After 30 days of concentrating on my foot landing, I examined my soles to see how the mid foot strike had changed my usual shoe wear pattern of the heels. Back to “Drum roll, please.”. I turned my shoes over and all I could say was “What the heck?” I was crushed. My wear pattern was pretty much the same as always! Go figure. Apparently, given my limited attention span, my powers of form concentration were not lasting longer than for about the first 600 yards of my runs.

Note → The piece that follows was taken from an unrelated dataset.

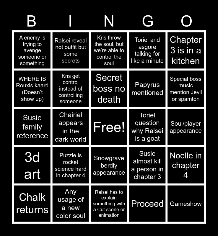 This bingo card has a free space and 48 words: Queen joins the team, Any usage of a new color soul, Undyne fights you, Massive amount of people becomes stone, Special boss music mention Jevil or spamton, King escapes?!?, Ralsei reveal not outfit but some secrets, Amen break in one of the music, Toriel question why Ralsei is a goat, Susie get her healing to 2 heal point!, WHERE IS Rouxls kaard (Doesn’t show up), Kris get control instead of controlling someone, Muffet showed, Noelle in chapter 4, A weird route in chapter 4, A symbol or image of gaster, Kris throw the soul, but we’re able to control the soul, Susie almost kill a person in chapter 3, Berdly in the hospital replacing Rudy bed?, A enemy is trying to avenge someone or something, Puzzle is rocket science hard in chapter 4, Ralsei has to explain something with a Cut scene or animation, Toriel and asgore talking for like a minute, Chapter 3 is in a kitchen, Reference to a meme or youtuber, Chairiel appears in the dark world, Secret boss no death, It's a beautiful day outside is said, Soul/player appearance, 3d art, Canon death of a npc, New dark ally, Rhythm style puzzle/minigame, Funny Explosion, Chalk returns, Susie dies, MOSSSSSSS, Proceed, Gameshow, Gaster reference, Either spamton or jevil mentioned, Snowgrave berdly appearance, Papyrus mentioned, Dog, Susie family reference, Title card, New students in school and Friend inside me.

I then took the next step, literally, and elected to go for a video running gait analysis at a local sports medicine clinic. I’d get to the bottom of this lean to the left thing. The analysis was designed to address biomechanical abnormalities that should be corrected to improve performance and efficiency and involved a clinical exam and a treadmill run examining the angulations, strength and flexibility in my hips, knees, ankles etc. It provided information of things below my knee but way over my head with terminology like my Q angle (I was feeling more obtuse than Q) and ankle equinus (limited upward bending of the ankle joint.) etc. The video also examined hip hiking (hitch hiking I knew but I learned the former was the lifting of one’s hip/pelvis on one side).
Early on in the process I sensed my belief of being a gracefully efficient runner was about to be shattered. Perhaps I was overly sensitive, but when the professionals performing the exam began raising their eyebrows, whispering to each other and subtly shaking their heads, I was getting a not so subtle clue to their opinion. After the analysis was completed, I was advised I had flexibility and strength imbalances, excessive shoulder and hip lateral rotation, pressed too hard on the ball of my right foot, had a contralateral hip drop and internal thigh rotation due to hip weakness, tight lower back and hip flexors as well as overpronation, overstriding and right arm overswinging. Eventually they were over with my various “overs.” I couldn’t help but then somewhat jokingly say, “Other than that, it’s all good right?”
One of them then added, “Oh, plus you lead with your left.” Great.
Eventually, I walked away with some exercises, stretches, and running drills etc. Over the next few months I did implement everything and was confident that concentrating on my running form had assisted with my speed, efficiency, and leg discomforts. Shortly thereafter, I was doing some cross training on the elliptical at the fitness center when my wife came by. She was looking at me for a bit and had a slightly quizzical expression as I pounded away, feeling smooth and graceful. Me and the machine in harmony. She then said, “Do you know you lead with your left?”
Oy! I wonder if there is video elliptical gait analysis?